閑静な住宅街を突き進みながら、ぽつりと出夢は言葉を零した。


「なぁ、名前」
「…」
「僕はやっぱり沢田んとこに入るよ」
「…」
「僕は理澄をもう死なせたくないんだよ。」
「…」
「僕らは前の僕らとは違うんだ。性別が違う今、2人で1人なんてできるわけもないだろ?だから僕が死んだとしても、僕は理澄のストックにはならない。逆もしかりさ。」
「…」
「それに何より、もう僕らは強いだけと弱いだけではいられない。」
「…」
「名前はさ、武器作ってても昔みたいに友達とおもしろおかしく笑いあったりとか、普通にいいやつと結ばれて、穏やかに生きるべきだ。名前だってそれを望んでんだろ?」
「…」


じっと名前を見つめる出夢の瞳には確かに、微かに哀しみと迷いの気配があった。強さだけでは無い、弱さの感情。名前はいつものように笑みを浮かべて、今まで閉ざしていた口を開いた。
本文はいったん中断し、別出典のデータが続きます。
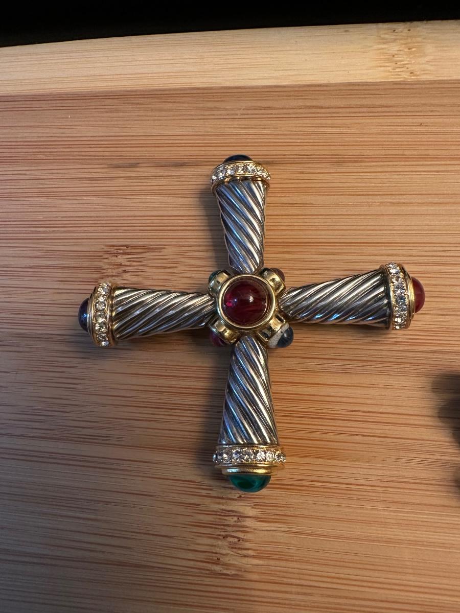 GIVENCHY GOLD TONE GLASS CABOCHON MALTESE CROSS BROOCH PIN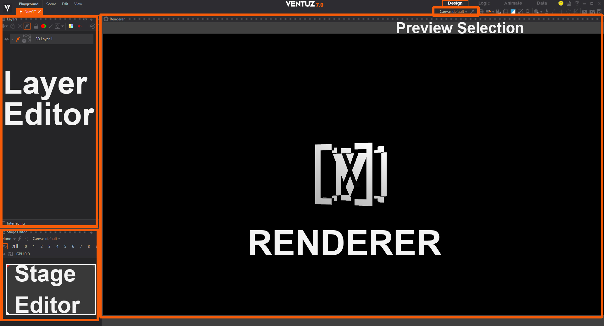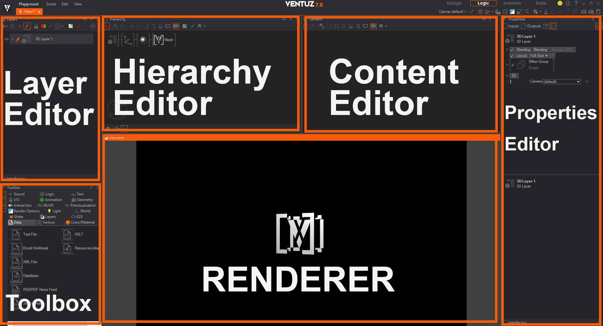 This Layout is made for all the tasks that involve creating complex logic and 3D scenes. It is the closest to previous versions of Ventuz, and apart from the Renderer, it features the Layer Editor, Hierarchy Editor and Content Editor, together with the [Toolbox Toolbox] with the available nodes and the Property Editor to adjust the available parameters.

「望んでる。武器を作るのはやめられないけど、穏やかな日常を過ごしたいとは思ってる。でも出夢の言う友達の中には、沢田くんと関わりのある京子や花がいる。それになにより、出夢も、理澄も、友達なんだよ」
「…」
「出夢が行くなら私も行く」
「…」
「私のために、迷ってくれてありがとう」
「っ」


名前は少し驚いた顔をした出夢の手を取り、いつの間にかとめていた足を再び動かした。なかば引きずられるような形で歩く出夢に聞こえるか聞こえないか程の音量でぽつり、言葉を零しながら。